Common Audit Findings

  1. Inadequate Risk Management: This includes not having a well-documented risk management process or failing to maintain and update risk management files.
  2. Ineffective CAPA (Corrective and Preventive Actions) Processes: Companies often struggle with documenting and demonstrating effective CAPA processes.
  3. Supplier Management Issues: This can be seen in not effectively evaluating, monitoring, or re-evaluating suppliers based on their impact on product quality.
  4. Lack of Management Oversight: Failing to demonstrate that management reviews are conducted regularly and effectively is another common finding.
  5. Document Control and Record Keeping: Inconsistent or inadequate documentation is a recurrent issue in many audits.

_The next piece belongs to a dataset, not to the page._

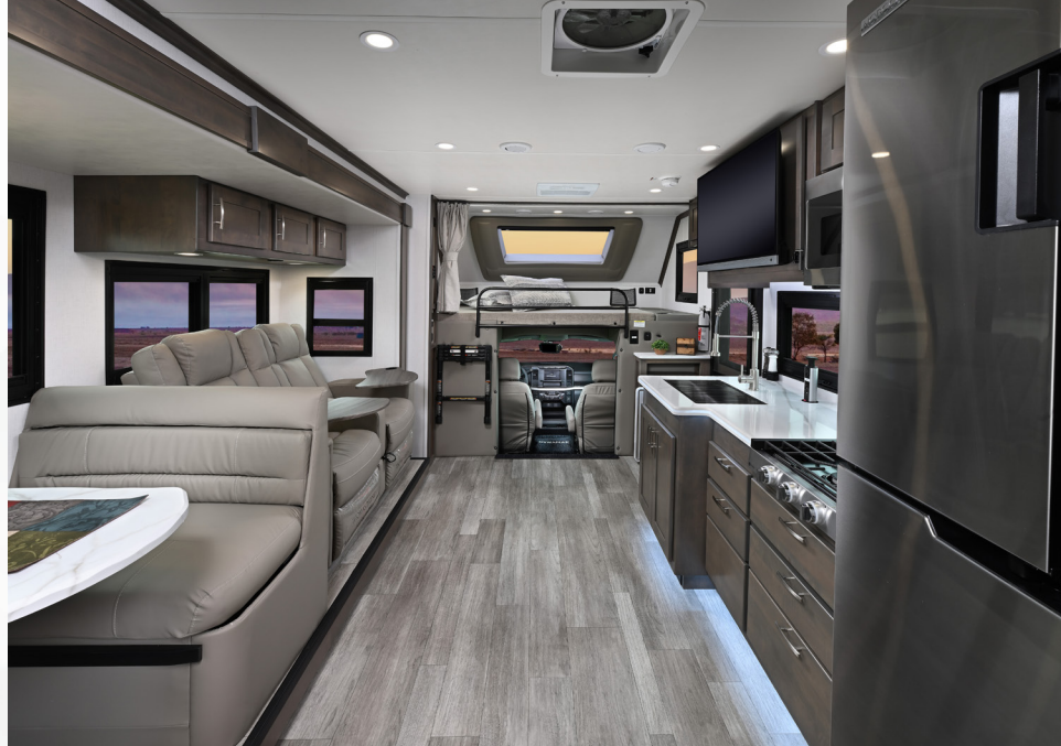
30FW with Driftwood II cabinetry and Milano II décor

MDSAP stands as a testament to the medical device industry’s efforts to create a more unified and efficient regulatory landscape. While the path to compliance can be challenging, the benefits of participating in MDSAP, including streamlined global market access and potentially reduced regulatory scrutiny, can be a significant boon for medical device manufacturers. Like any complex regulatory program, the key to MDSAP success is early preparation, a deep understanding of the program’s nuances, and a commitment to quality at every organizational level.

In the ever-evolving landscape of medical device regulations, companies are constantly on the lookout for tools that can simplify and enhance their QMS procedures. IntellaQuest stands out as a solution tailored for this challenge. With over two decades of experience in Business Process Workflow and Document Management, our suite of integrated applications, such as DocuQuest for document control and AuditQuest for audit management, are designed to ensure seamless compliance, especially for standards like MDSAP and ISO 13485. The highly configurable nature of their software ensures it can be tailored to fit any enterprise’s specific needs, making audit processes streamlined and efficient.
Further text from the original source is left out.